Begin with the first line below and retype each line exactly through the line containing "СберЛогистика, служба курьерской". Any pictures are to be left out.
Recorded data Start Marker
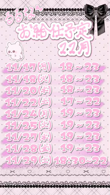 秋葉原・神田 コンカフェ あるこほりっく 秋葉原院こざかなしらす🐟@alco_shirasu·11月の出勤予定🐟 後半もたくさん甘やかしてください^-^ #しらすの日記8623
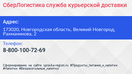 СберЛогистика, служба курьерской доставки по адресу 173020, Новгородская область, Великий Новгород, Рахманинова, 2 в дальнейшем Организация, размещена в следующих категориях:
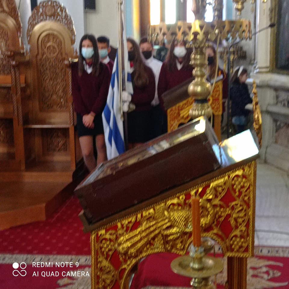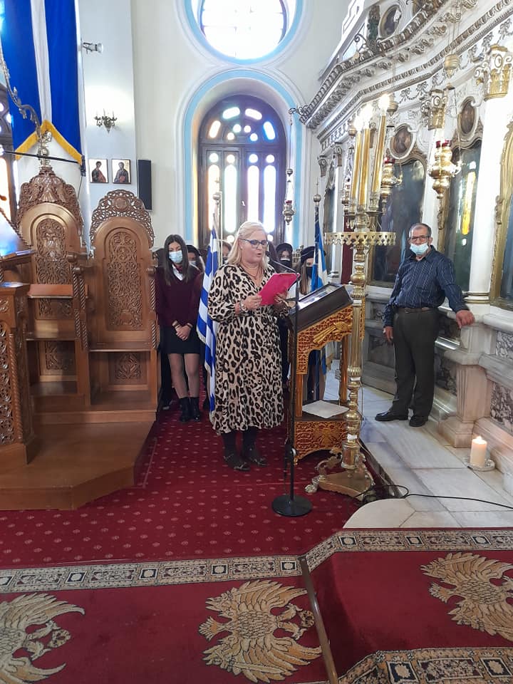 Για τη σημασία της ημέρας μίλησε στο εκκλησίασμα η εκπαιδευτικός του Γενικού Λυκείου Μούδρου, κ. Θεοδώρα Λυμπέρη.
Recorded data End Marker
*Completed task*.
 秋葉原・神田 コンカフェ あるこほりっく 秋葉原院こざかなしらす🐟@alco_shirasu·11月の出勤予定🐟 後半もたくさん甘やかしてください^-^ #しらすの日記8623
 СберЛогистика, служба курьерской доставки по адресу 173020, Новгородская область, Великий Новгород, Рахманинова, 2 в дальнейшем Организация, размещена в следующих категориях:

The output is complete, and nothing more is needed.